::: EXTRACTED INFORMATION :::

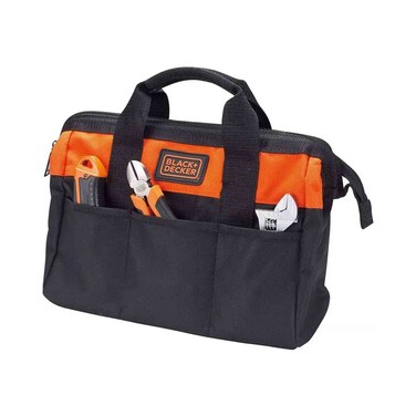 The Black+Decker bdst73820-8 is a 12" tool bag. The soft materials used are lightweight and durable. The bags are resistant to wear and tear. The bag mouth opens up to 13 cm. The bag has storage pockets and straps on the inside for an organized tool kit. There are three additional pockets on the outside for convenience and easy access. The handles have a cushioned grip for added comfort
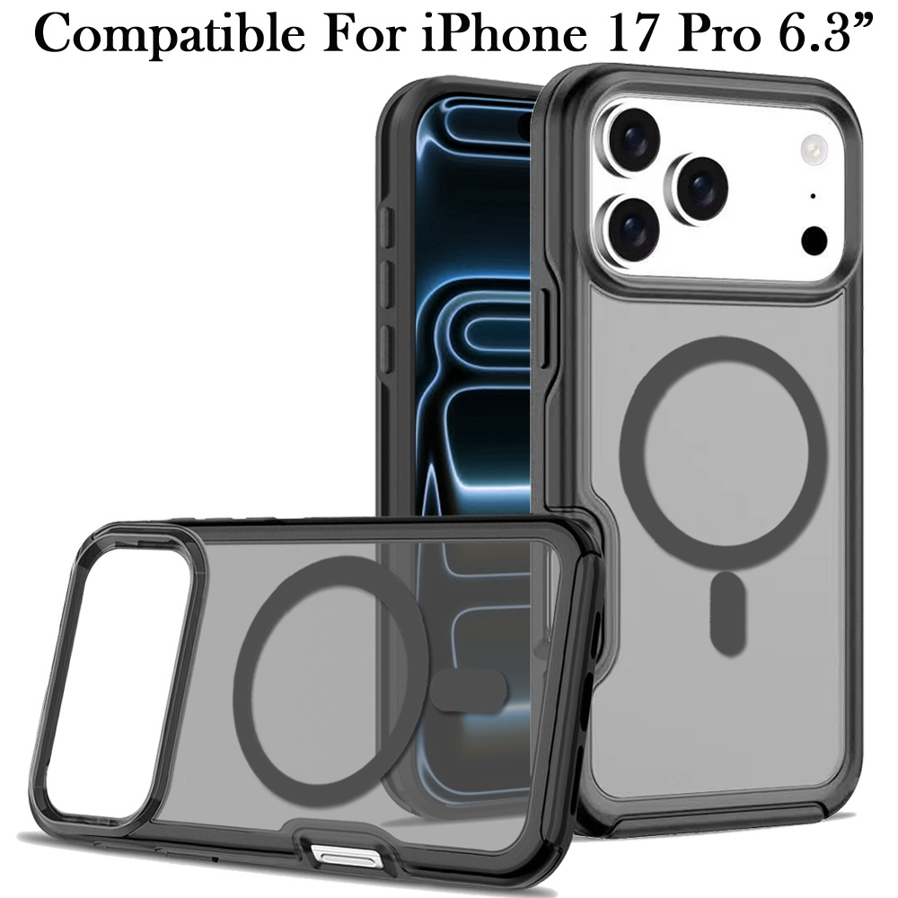 For iPhone 17 Pro Glossy Oil Premium Hybrid Case Cover - Black
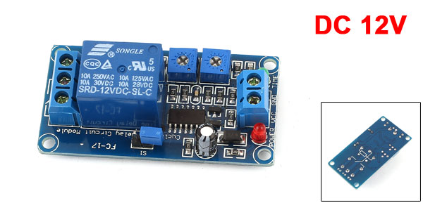 Product Name Cycle Time Delay Relay Module Model SRD-12VDC-SL-C Material Electronic Parts Number of Channels 1 Voltage DC 12V Load 10A, AC 250V/125V, DC 30V/28V Size 57 x 30 x 18mm/ 2.3" x 1.2" x 0.7" (L*W*H) Main Color Blue Weight 18g Package 1 x Cycle Time Delay Relay Module - Reviews
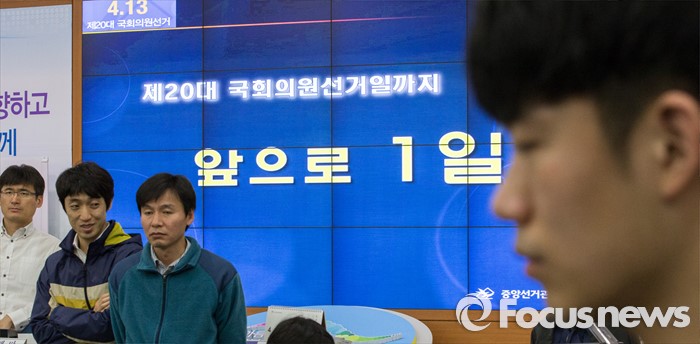 (과천=포커스뉴스) 2016 제20대 국회의원선거를 하루 앞둔 12일 오전 경기도 과천시 중앙선거관리위원회에 설치된 상황실에서 직원들이 업무를 보고 있다.
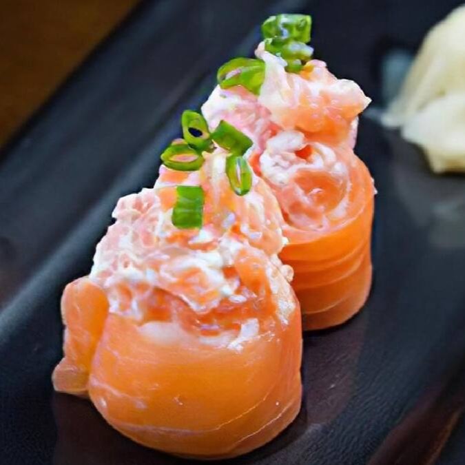 8 unidades, servido com tarê. Escolha se deseja cream cheese, couve crispy ou cebolinha.
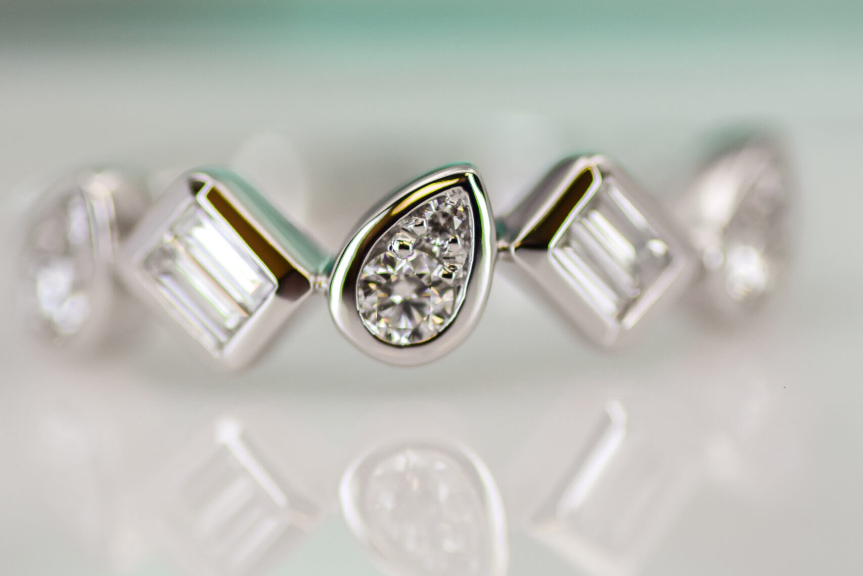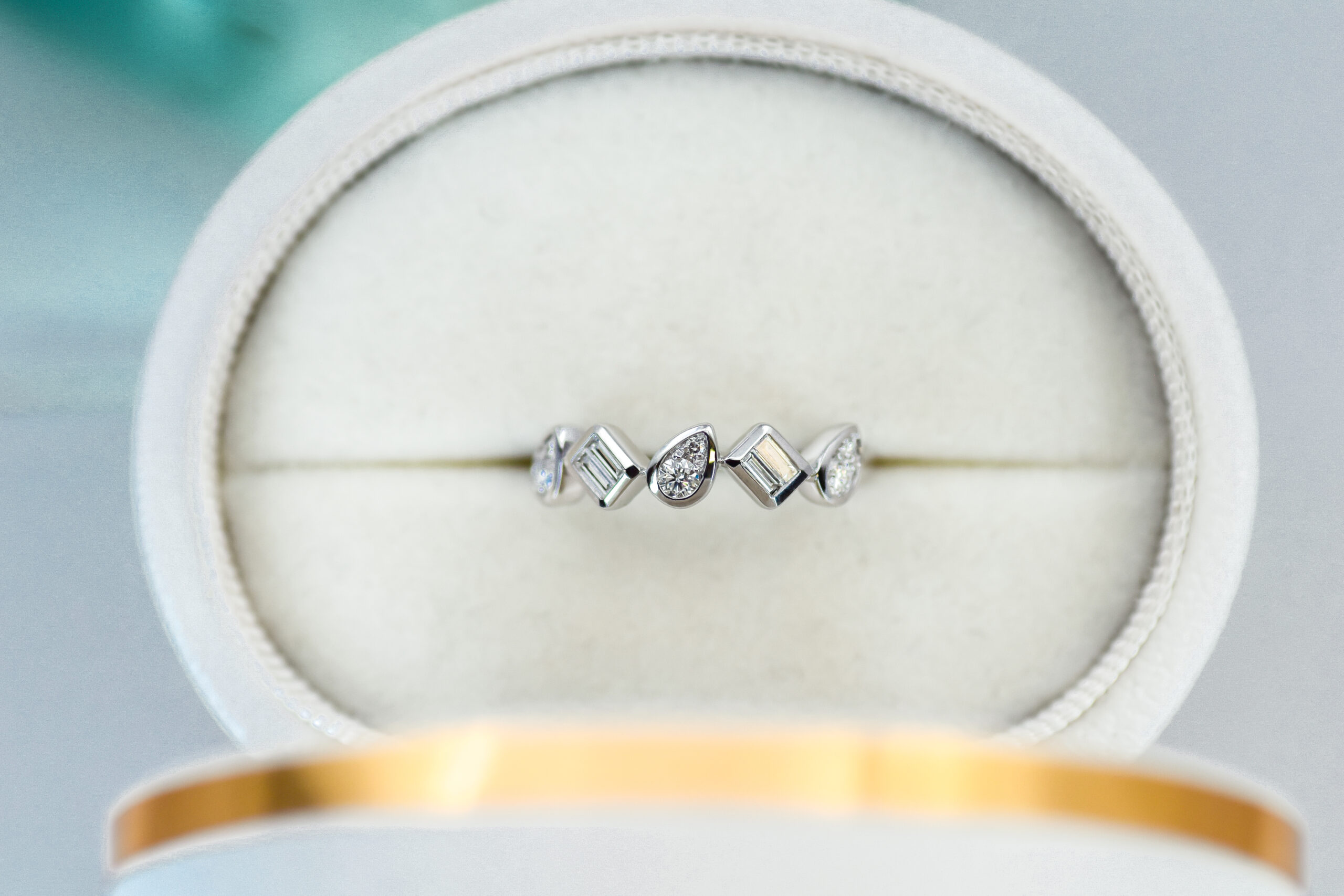Stone(s): 0.39 ctw diamonds, comprising of six rounds & 4 baguettes
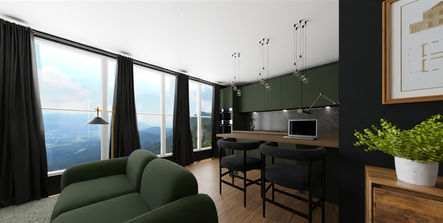 Ce studio a été pensé dans une harmonie de matières naturelles et de teintes profondes. La cuisine et le séjour se fondent dans une même ambiance chaleureuse, où le bois contraste subtilement avec les murs sombres. En fond, un coin nuit discret et raffiné structure l’espace. La salle de bain, dans le même esprit, joue la carte du minimalisme sobre. Un projet compact, mais pleinement optimisé, pour un style de vie urbain et élégant.
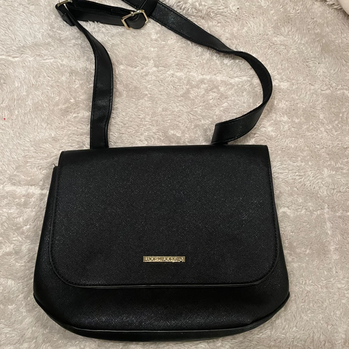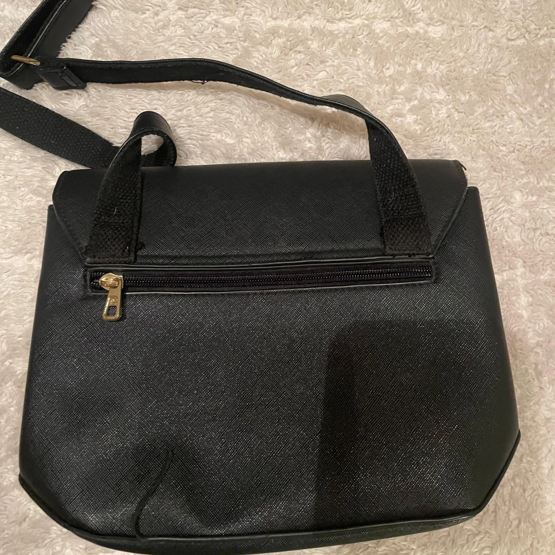 Snygg svart axelväska. Väskan har en justerbar axelrem och en praktisk dragkedja på baksidan. Perfekt för att bära dina dagliga nödvändigheter med stil.

:::

■ TASK PROMPT:
Return the material above verbatim, minus the pictures.

■ WORKED SOLUTION:
 The Black+Decker bdst73820-8 is a 12" tool bag. The soft materials used are lightweight and durable. The bags are resistant to wear and tear. The bag mouth opens up to 13 cm. The bag has storage pockets and straps on the inside for an organized tool kit. There are three additional pockets on the outside for convenience and easy access. The handles have a cushioned grip for added comfort
 For iPhone 17 Pro Glossy Oil Premium Hybrid Case Cover - Black
 Product Name Cycle Time Delay Relay Module Model SRD-12VDC-SL-C Material Electronic Parts Number of Channels 1 Voltage DC 12V Load 10A, AC 250V/125V, DC 30V/28V Size 57 x 30 x 18mm/ 2.3" x 1.2" x 0.7" (L*W*H) Main Color Blue Weight 18g Package 1 x Cycle Time Delay Relay Module - Reviews
 (과천=포커스뉴스) 2016 제20대 국회의원선거를 하루 앞둔 12일 오전 경기도 과천시 중앙선거관리위원회에 설치된 상황실에서 직원들이 업무를 보고 있다.
 8 unidades, servido com tarê. Escolha se deseja cream cheese, couve crispy ou cebolinha.
Stone(s): 0.39 ctw diamonds, comprising of six rounds & 4 baguettes
 Ce studio a été pensé dans une harmonie de matières naturelles et de teintes profondes. La cuisine et le séjour se fondent dans une même ambiance chaleureuse, où le bois contraste subtilement avec les murs sombres. En fond, un coin nuit discret et raffiné structure l’espace. La salle de bain, dans le même esprit, joue la carte du minimalisme sobre. Un projet compact, mais pleinement optimisé, pour un style de vie urbain et élégant.
 Snygg svart axelväska. Väskan har en justerbar axelrem och en praktisk dragkedja på baksidan. Perfekt för att bära dina dagliga nödvändigheter med stil.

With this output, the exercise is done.